> Data for processing
# # # # # # #

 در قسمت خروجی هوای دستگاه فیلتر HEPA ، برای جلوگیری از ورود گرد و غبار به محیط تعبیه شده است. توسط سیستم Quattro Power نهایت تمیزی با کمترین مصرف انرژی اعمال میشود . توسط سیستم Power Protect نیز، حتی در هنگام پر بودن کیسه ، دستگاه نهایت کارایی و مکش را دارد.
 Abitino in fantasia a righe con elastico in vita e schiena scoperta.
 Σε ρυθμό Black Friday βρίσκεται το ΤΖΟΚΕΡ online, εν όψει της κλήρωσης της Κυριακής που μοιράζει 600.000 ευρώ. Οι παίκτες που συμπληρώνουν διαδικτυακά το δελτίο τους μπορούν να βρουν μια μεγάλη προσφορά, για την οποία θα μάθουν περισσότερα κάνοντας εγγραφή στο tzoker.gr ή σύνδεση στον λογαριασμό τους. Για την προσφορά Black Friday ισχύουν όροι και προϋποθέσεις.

# # # # # # #

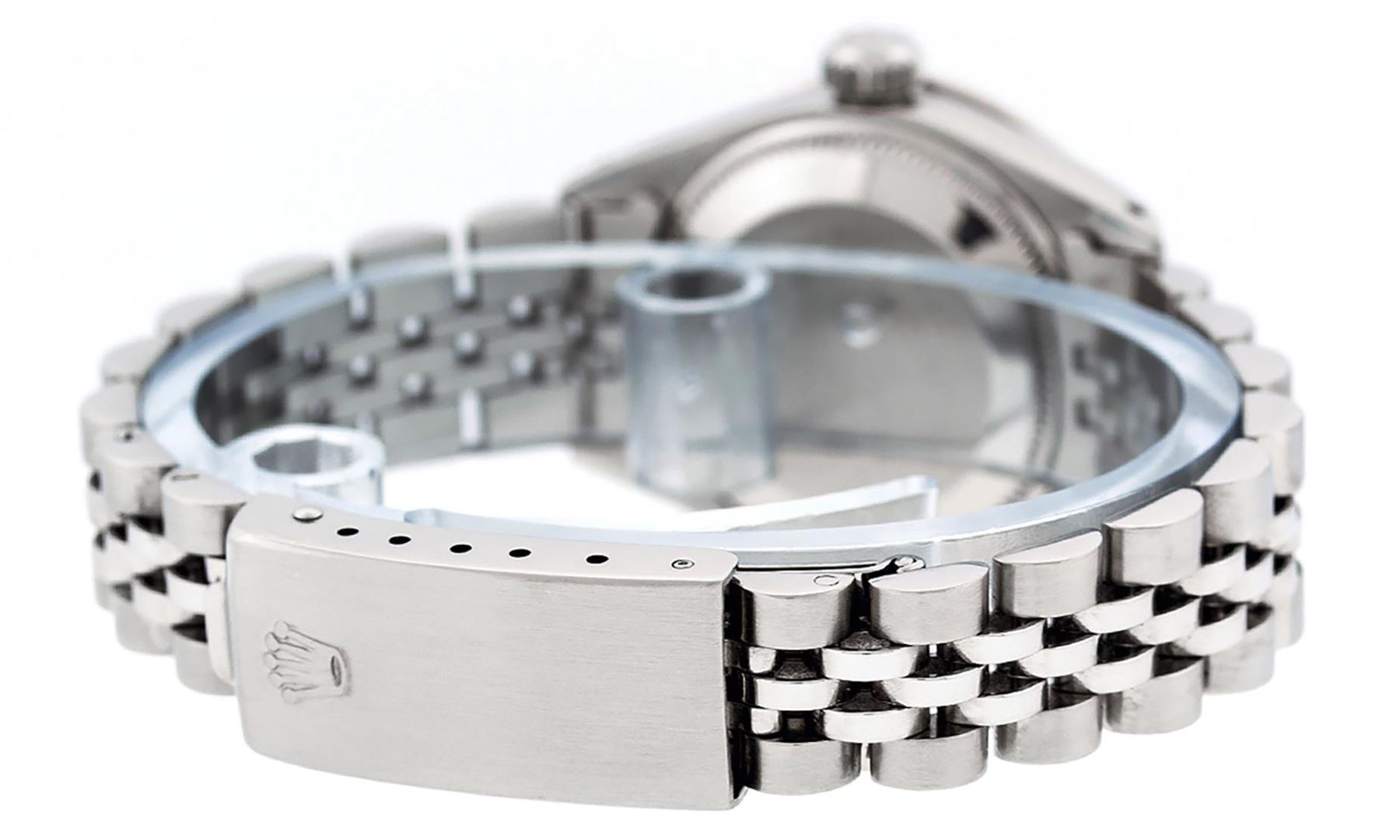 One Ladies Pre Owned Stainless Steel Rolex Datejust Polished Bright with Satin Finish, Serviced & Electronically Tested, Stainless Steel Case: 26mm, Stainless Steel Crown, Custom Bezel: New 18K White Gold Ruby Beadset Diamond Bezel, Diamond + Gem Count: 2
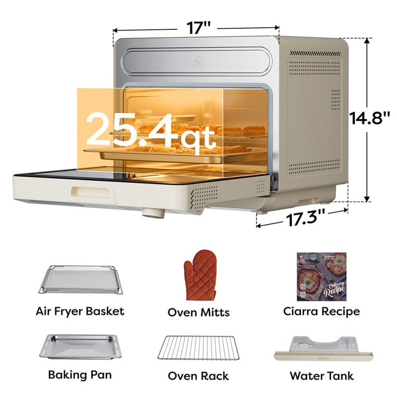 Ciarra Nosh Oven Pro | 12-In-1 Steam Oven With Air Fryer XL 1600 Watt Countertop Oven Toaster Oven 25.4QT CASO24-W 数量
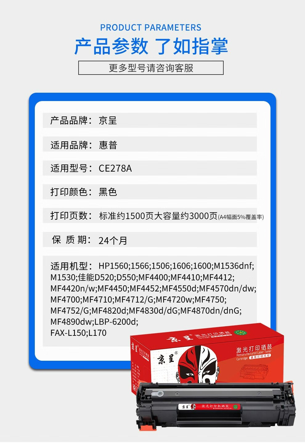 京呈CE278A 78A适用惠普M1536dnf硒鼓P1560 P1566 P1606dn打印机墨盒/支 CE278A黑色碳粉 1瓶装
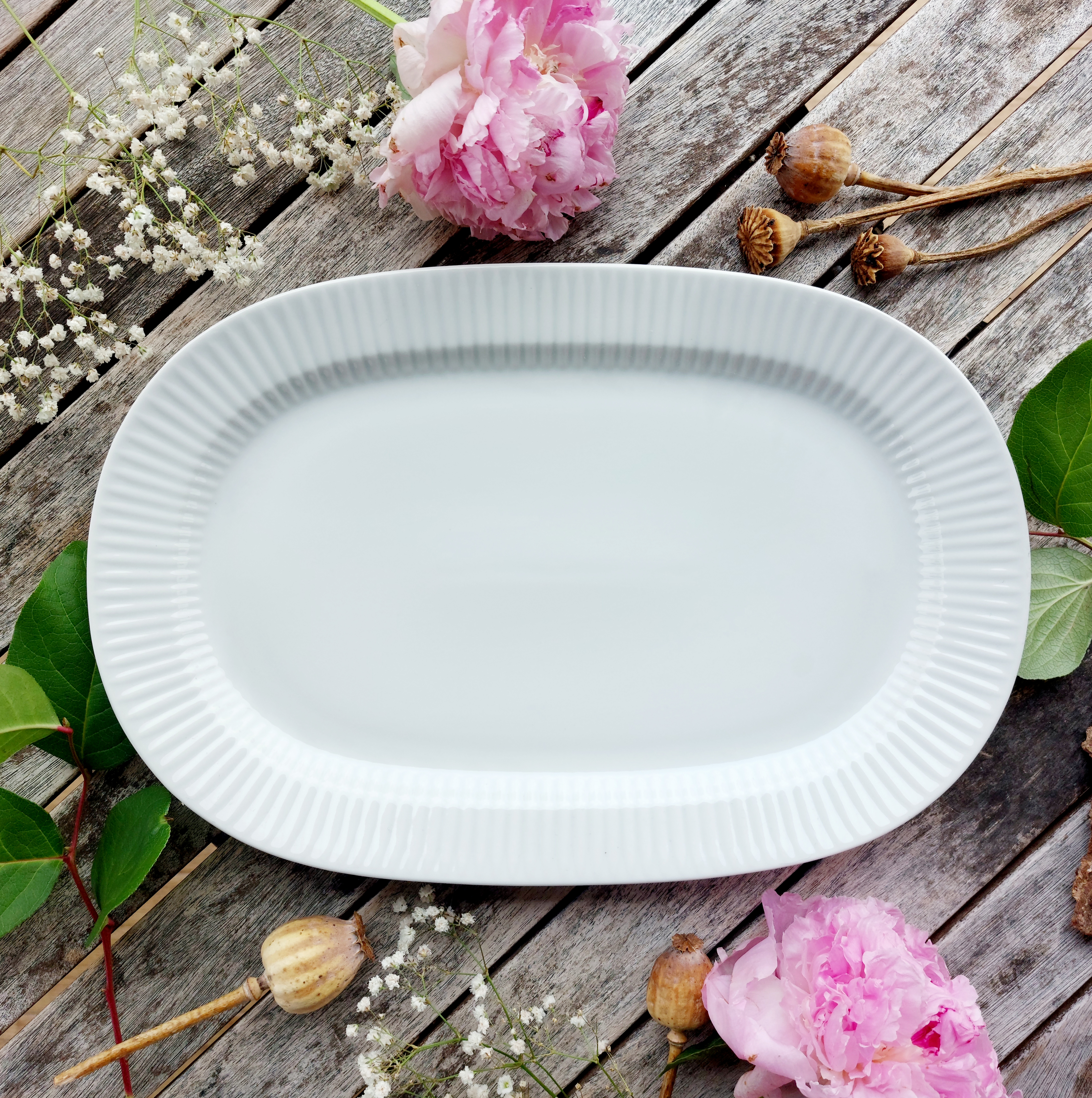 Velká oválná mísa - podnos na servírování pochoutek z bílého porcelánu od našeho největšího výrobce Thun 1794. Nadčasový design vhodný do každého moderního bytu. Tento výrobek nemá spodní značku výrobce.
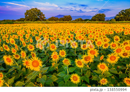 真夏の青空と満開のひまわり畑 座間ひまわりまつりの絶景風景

# # # # # # #

> Exercise brief
Word for word, restate the lines above from the line containing "در قسمت خروجی" through the line containing "Σε ρυθμό Black", with both included and nothing else.

> Response below
 در قسمت خروجی هوای دستگاه فیلتر HEPA ، برای جلوگیری از ورود گرد و غبار به محیط تعبیه شده است. توسط سیستم Quattro Power نهایت تمیزی با کمترین مصرف انرژی اعمال میشود . توسط سیستم Power Protect نیز، حتی در هنگام پر بودن کیسه ، دستگاه نهایت کارایی و مکش را دارد.
 Abitino in fantasia a righe con elastico in vita e schiena scoperta.
 Σε ρυθμό Black Friday βρίσκεται το ΤΖΟΚΕΡ online, εν όψει της κλήρωσης της Κυριακής που μοιράζει 600.000 ευρώ. Οι παίκτες που συμπληρώνουν διαδικτυακά το δελτίο τους μπορούν να βρουν μια μεγάλη προσφορά, για την οποία θα μάθουν περισσότερα κάνοντας εγγραφή στο tzoker.gr ή σύνδεση στον λογαριασμό τους. Για την προσφορά Black Friday ισχύουν όροι και προϋποθέσεις.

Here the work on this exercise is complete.